[DATASET EXTRACT Boundary: Start]
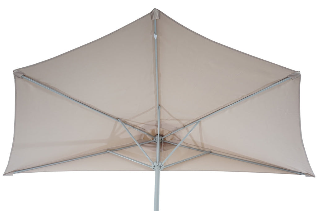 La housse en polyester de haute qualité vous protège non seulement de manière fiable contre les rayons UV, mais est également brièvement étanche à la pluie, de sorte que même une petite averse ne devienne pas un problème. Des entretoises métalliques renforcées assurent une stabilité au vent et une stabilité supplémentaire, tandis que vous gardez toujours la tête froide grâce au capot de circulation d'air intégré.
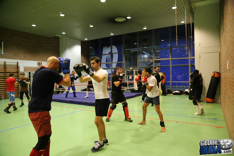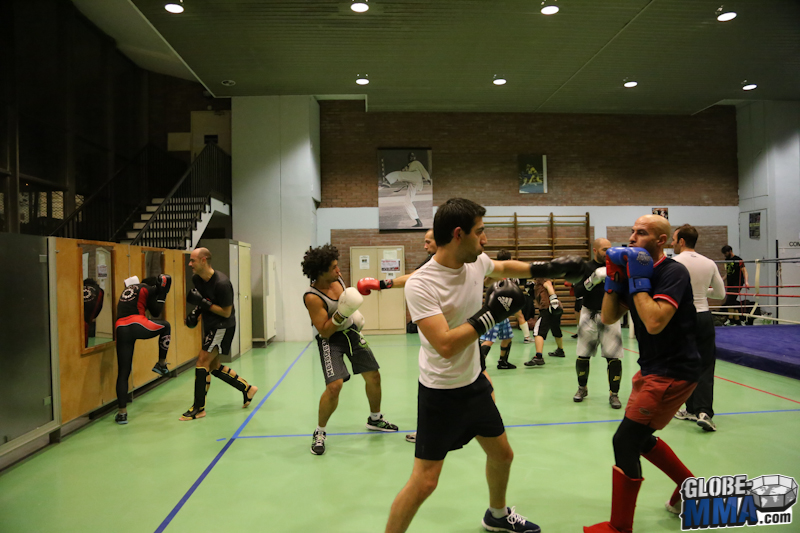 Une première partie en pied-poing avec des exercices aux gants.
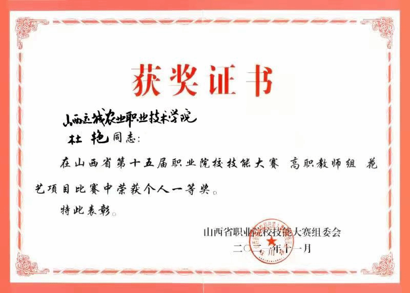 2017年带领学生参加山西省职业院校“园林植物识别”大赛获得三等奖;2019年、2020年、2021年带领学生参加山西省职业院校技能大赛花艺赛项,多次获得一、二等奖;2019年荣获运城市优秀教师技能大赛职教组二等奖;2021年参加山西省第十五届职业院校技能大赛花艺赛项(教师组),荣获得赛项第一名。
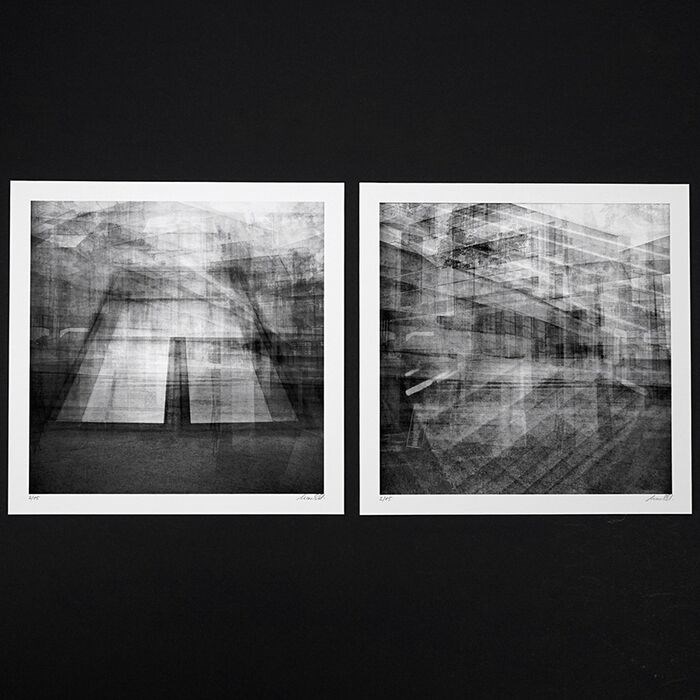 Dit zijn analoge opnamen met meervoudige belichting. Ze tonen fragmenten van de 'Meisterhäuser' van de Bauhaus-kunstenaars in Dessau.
[DATASET EXTRACT Boundary: End]
=== WORK ORDER ===
Retype each line of the data exactly, beginning with the first; include the line containing "2017年带领学生参加山西省" and stop there, skipping every picture.

=== SOLUTION TO THIS EXERCISE ===
 La housse en polyester de haute qualité vous protège non seulement de manière fiable contre les rayons UV, mais est également brièvement étanche à la pluie, de sorte que même une petite averse ne devienne pas un problème. Des entretoises métalliques renforcées assurent une stabilité au vent et une stabilité supplémentaire, tandis que vous gardez toujours la tête froide grâce au capot de circulation d'air intégré.
 Une première partie en pied-poing avec des exercices aux gants.
 2017年带领学生参加山西省职业院校“园林植物识别”大赛获得三等奖;2019年、2020年、2021年带领学生参加山西省职业院校技能大赛花艺赛项,多次获得一、二等奖;2019年荣获运城市优秀教师技能大赛职教组二等奖;2021年参加山西省第十五届职业院校技能大赛花艺赛项(教师组),荣获得赛项第一名。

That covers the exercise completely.